* [Exercise prompt]
Your copy should hold exactly the lines from the beginning of the listing below through the line with "Two on-trend finishes", without any pictures.

* [Dataset extract]
------------------------------------

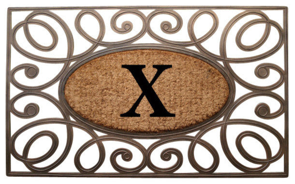 A1HC Rubber & Coir Elegant Circles Princess Doormat, Monogrammed, X
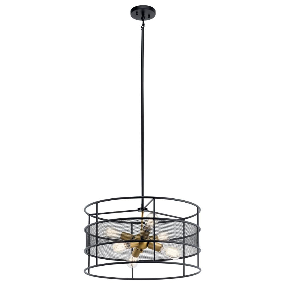 Two on-trend finishes deliver sleek industrial-era style on this Piston 6 light pendant. Natural Brass accents add the shine, while a black mesh cage forms the structure.
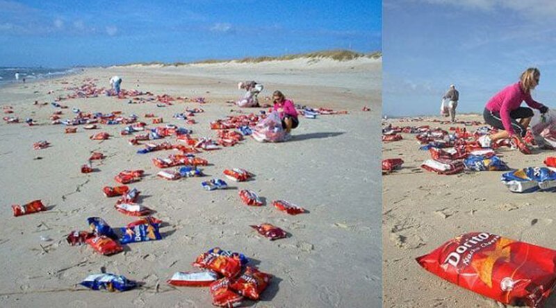 Необъятная бездна океана иногда решает пошутить с людьми и подкидывает им загадки. В итоге на побережье выносит вещи, которые когда-то давно океан словно забрал поиграть. Некоторые находки открывают новые взгляды на прошлое цивилизации, другие же привлекают внимание ученых и искателей. Запас чипсов Несколько лет назад серьезный шторм у берегов Северной Каролины чуть не перевернул грузовой танкер. По счастью, экипаж отделался легким испугом, но один из контейнеров смыло в океан. На следующий день жители прибрежных городов чуть не сошли с ума от радости: в контейнере перевозили чипсы Doritos, которых теперь людям хватит до конца жизни. Кроссовки Аналогичная ситуация сложилась в 2007 году. С борта танкера «Северный» смыло контейнер, наполненный новенькими кроссовками Reebok. Весь груз прибило к берегам Нидерландов, где в этих кроссовках бегают и по сей день. Военный самолет Вторая мировая война закончилась уже очень давно, но эхо боев будет преследовать человечество еще очень долг
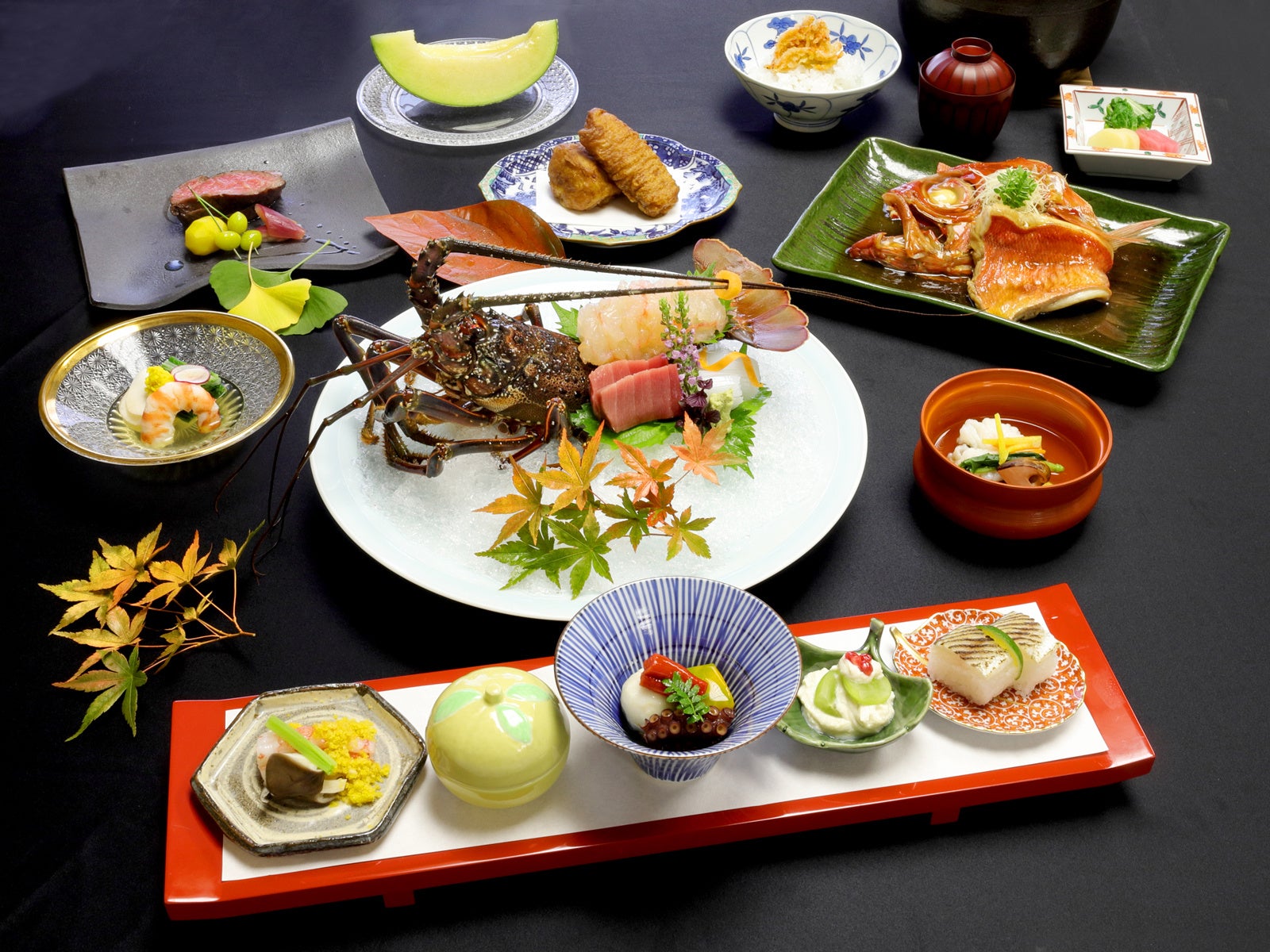 料亭旅館のコンセプトのもと、美味しさを純粋に追求するため、食材を吟味し全国の産地から取り寄せています。五法・五味・五色・五感の考え方を取り入れ、四季折々の旬を感じる日本料理をご用意いたします。こだわりの食材から丁寧にひいたお出汁をベースとした京風の雅な味わいの会席料理をご賞味ください。

------------------------------------

* [Exercise answer]
 A1HC Rubber & Coir Elegant Circles Princess Doormat, Monogrammed, X
 Two on-trend finishes deliver sleek industrial-era style on this Piston 6 light pendant. Natural Brass accents add the shine, while a black mesh cage forms the structure.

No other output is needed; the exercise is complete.